Questa visione di produrre prodotti agricoli senza danneggiare l’ambiente con prodotti agrochimici è condivisa da un altro salvadoregno, Juan Mejía, un piccolo agricoltore di 67 anni che coltiva alcuni dei suoi prodotti utilizzando fertilizzanti, erbicidi e pesticidi ecologici.
Il paraquat viene ancora utilizzato per “bruciare le erbacce”, ma su scala ridotta, e lui sta cercando di usarlo sempre meno. Utilizza anche, ma “molto poco”, il Monarca, un altro pesticida della Bayer, il cui ingrediente attivo è il thiacloprid.
“Abbiamo imparato a lavorare in modo biologico, forse non al 100%, ma il più possibile”, ha detto Mejía, durante una pausa dei lavori nel suo appezzamento di due ettari, situato nel cantone di El Carrizal, sempre a Santa María Ostuma, nel Salvador centrale.

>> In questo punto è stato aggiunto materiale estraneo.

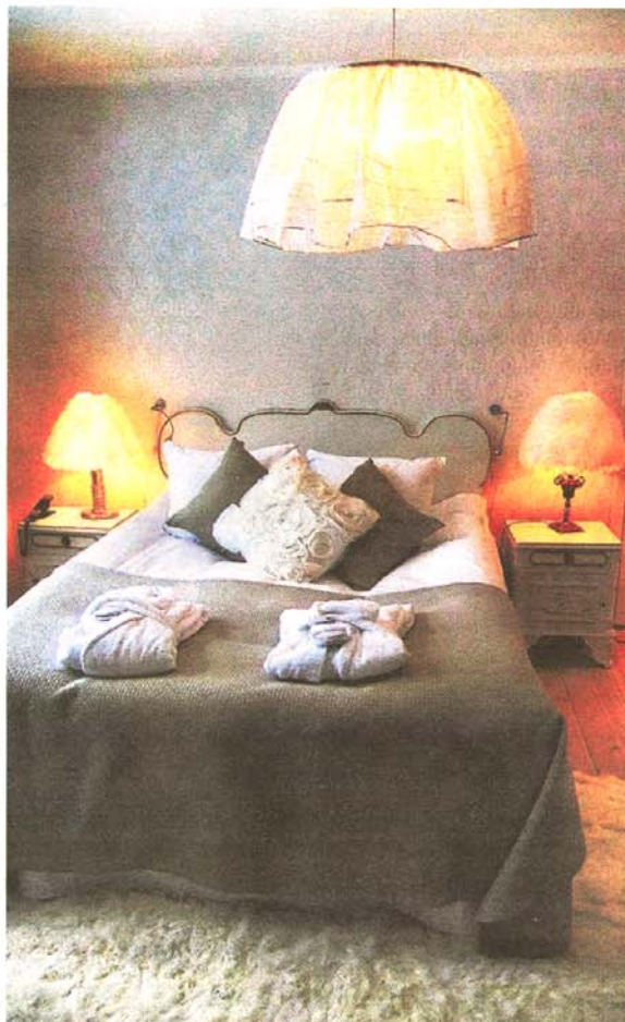
Rummen är mysiga, personligt inredda och väl utrustade. Nackdelen är att gästerna måste lämna slottet för att komma till sitt rum.

Betyg 1: Grand Hotel Saltsjöbaden, Nacka. (27 dec -09). Klassiskt hotell som är mycket dåligt underhållet.

Mejía produce un fertilizzante organico noto come gallinacea e un pesticida a base di peperoncino, cipolla, aglio e un po’ di sapone, con cui combatte le mosche bianche, un parassita che danneggia la coltivazione degli ortaggi.
“È efficace, ma non funziona automaticamente, subito, ci vuole un po’ più di tempo”, ha detto.
E ha aggiunto: “Noi agricoltori abbiamo sempre voluto erroneamente vedere risultati immediati come quelli che otteniamo con i prodotti chimici. Ma l’agricoltura biologica è un processo, più lento ma più vantaggioso per la nostra salute e per l’ambiente”.
Oltre alla milpa, un sistema tradizionale preispanico di piantare mais, fagioli, peperoncini e pipián, un tipo di zucchina, Mejía coltiva agrumi, platani (banane da cucina) e cacao.
“Abbiamo diversificato e incluso altre colture, come le verdure a foglia verde, in modo da non acquistare prodotti contaminati e raccogliere il nostro cibo, più sano”, ha detto.